The more you can get your reader to relate to you, to feel like he’s basically like you, the better chance you have of communicating, “Hey, if it worked for me, it will totally work for you.”
There are two primary ways to get attention.
You can do tons of great stuff for people, make yourself useful, be incredibly nice and friendly, and maybe crack a joke from time to time.
You can make a belligerent, loud, annoying pain in the ass of yourself.
They both work — if your goal is to get attention.
Some people have a gift for drawing attention to themselves by being spectacular jackasses.
It tends not to work too well (commercially, anyway) if you’re just an ass.
If you’re building relationships by providing valuable content, the best way to do it is to keep it slow and steady.
Create a steady, predictable rhythm with your content, whether it’s your blog, your email newsletter, your podcast, whatever.
Keep giving that high-quality free content, delivering those results in advance, and letting everyone know you’re a good egg.
A nice, predictable frequency also demonstrates that you’re reliable.
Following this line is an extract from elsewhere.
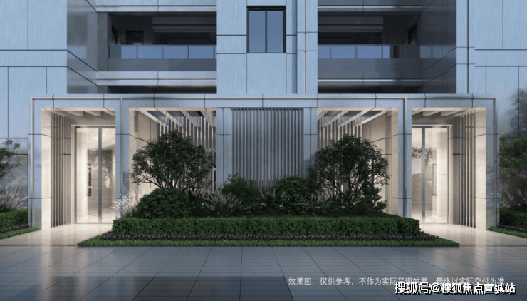提供人行入口,并采用酒店式门头设计,递进的仪式感和层层变化建筑,使居者享受更加优雅的归家仪式感。
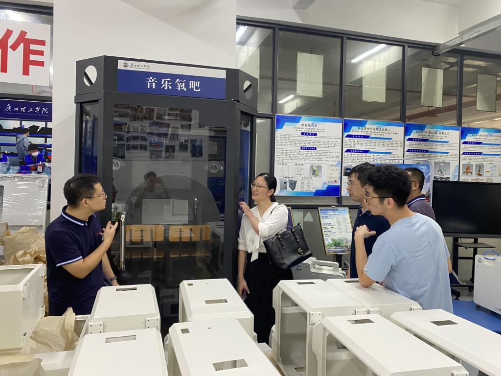 广汽集团代表参观了智造先锋工作室的制氧机项目,观看了其部分组成和制氧机项目衍生出的多元项目,包括创新性十足的音乐氧吧以及高压氧仓等项目,由工作室负责人王如意老师及徐诗友、周家勇等指导老师,向广汽集团代表团作详细介绍,深入了解项目的技术原理、设计概念。

Bloggers are often excellent at letting their audiences know they care, that they’re good people, that they share the same problems as their readers.
Sometimes they’re not so good at actually demonstrating that they know what they’re talking about.
I hope it goes without saying that bashing other bloggers for the sake of getting attention is a “success limiting maneuver.”
Constructive, legitimate criticism is fine.
But being a professional hater is just lame.
It can work (a little) in the short-term, because negativity attracts attention.
But bashing someone just to have someone to bash turns you into a jerk and a whiner.
Anyway, there are too many nasty people on the web — it doesn’t actually make you stand out.
Take a look at the content you’re producing (email, blog, twitter, Facebook, special report, whatever) and see how many of these relationship builders you can include.
Which of these do you think you’re strongest at?
Do more of it — build on that strength.